A Niamey au Niger, la vente du bois à destination des ménages pourrait être de plus en plus compliquée. Avec donc des difficultés croissantes dans le ravitaillement pour les deux millions d’habitants de la capitale.  90% des ménages utilisent le bois pour la cuisine ou l'éclairage, selon les services des Eaux et Forêts. En plus des repas quotidiens, le bois est utilisé notamment le jour de la fête musulmane de l'Aïd al-Adha où plus de 54.000 tonnes de bois sont utilisés - soit près du quart de la consommation annuelle de Niamey.   

Les dernières forêts de ce pays sahélien en grande partie désertique, sont situées à moins de 100 km de Niamey. Mais, l'armée doit y faire face aux menaces terroristes.  

Selon des sources locales, les djihadistes qui se contentaient de réguler la coupe du bois en percevant des taxes, interdisent désormais sa coupe dans leur zone d'influence.  

Issoufou Souleymane est vendeur de bois confirme qu’"avant, il ne nous fallait qu'une journée pour ramener un chargement de bois à Niamey. Aujourd'hui, cela peut prendre jusqu'à une semaine, vous comprenez, jusqu'à une semaine, alors la situation est insupportable".  

Les forêts, zone de repli pour les djihadistes   

Selon le Laboratoire d'études et de recherches sur les dynamiques sociales et le développement Local (Lasdel), les forêts qui longent le Burkina Faso et qui étaient "une zone de repli traditionnelle pour les groupes de bandits" le sont maintenant pour "les groupes djihadistes".  

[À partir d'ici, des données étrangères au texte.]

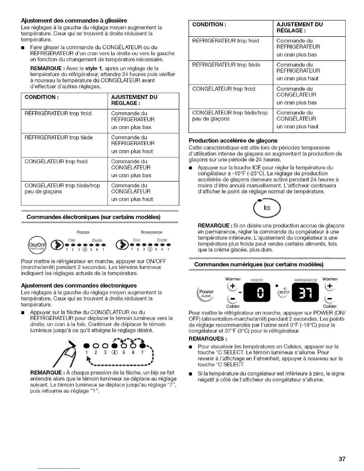temp@ature inf@ieure. L'ajustement du congelateur & une

Le ministre de l'Intérieur du Niger (2016), Mohamed Bazoum, se recueille sur la tombe des 22 soldats tués par des militants islamistes alors qu'ils surveillaient un camp de réfugiés dans la région de Tahoua.
Depuis juillet 2023, date du coup d'Etat, au moins 2.400 personnes ont été tuées au Niger, selon l'ONG Acled Image : Boureima Hama/Getty Images

Mamane Seydou, secrétaire général de l’Association nationale des exploitants du bois du Niger (ANEB - Niger) explique ainsi que "les zones d'exploitation du bois sont des zones très boisées où parfois ce sont des caches même des terroristes"

"Maintenant eux, les terroristes, ils disent que les commerçants-transporteurs du bois, les exploitants du bois sont en train de détruire leurs cases. Donc, eux, ils ont dit ça c'est inadmissible, ils ne peuvent pas accepter ça, à maintes fois ils nous ont donné vraiment des avertissements." 

Mamane Seydou explique que depuis 2015, son association a perdu 24 personnes, des chauffeurs et des apprentis. 52 de leurs camions ont été brûlés.

Contrôle du trafic de carburant  

De leur côté, les autorités nigériennes veulent mieux contrôler le trafic de carburant à Niamey.  

60% de l'essence et du gasoil utilisés par les terroristes viennent des stations-services de Niamey, a récemment déclaré le gouverneur de la région, le général de brigade Assoumane Abdou Harouna devant les promoteurs des stations-services. Ceux-ci ont été sommés de placer des caméras de surveillance au niveau de leurs stations-services.

L'acteur de la société civile Sahanin Mahamadou précise que les groupes terroristes se ravitaillent aussi auprès des forces de défense et de sécurité sur le front. Il salue tout de même la décision du gouverneur de Niamey.   

Le fait que les stations-services mettent les caméras de surveillance permettra non seulement à ces gérants de stations de savoir ce que leur personnel fait. Mais cela permettrait aussi à nos forces de défense et de sécurité d’être rassurées qu’il n’y a pas des gens qui vendent le carburant de notre pays à ces terroristes.”   

Inondations à Niamey
Les stations-services sont dans le collimateur des autorités nigériennes Image : Mahamadou Abdoulkarim/DW

 Autre secteur où les groupes terroristes se ravitaillent, c’est celui des armes. Dans un rapport publié fin avril, l’organisation britannique Conflict Armament Research (CAR) indiquait que les groupes djihadistes sont aussi alimentés en armes saisies lors des raids contre les forces armées du Sahel.  

Sur 726 armes saisies entre 2014 et 2023, sur 5.890 armes répertoriées par les enquêteurs, environ 20% proviennent directement des stocks des armées nationales sahéliennes. Un chiffre probablement sous-estimé, selon l’un des co-auteurs du rapport.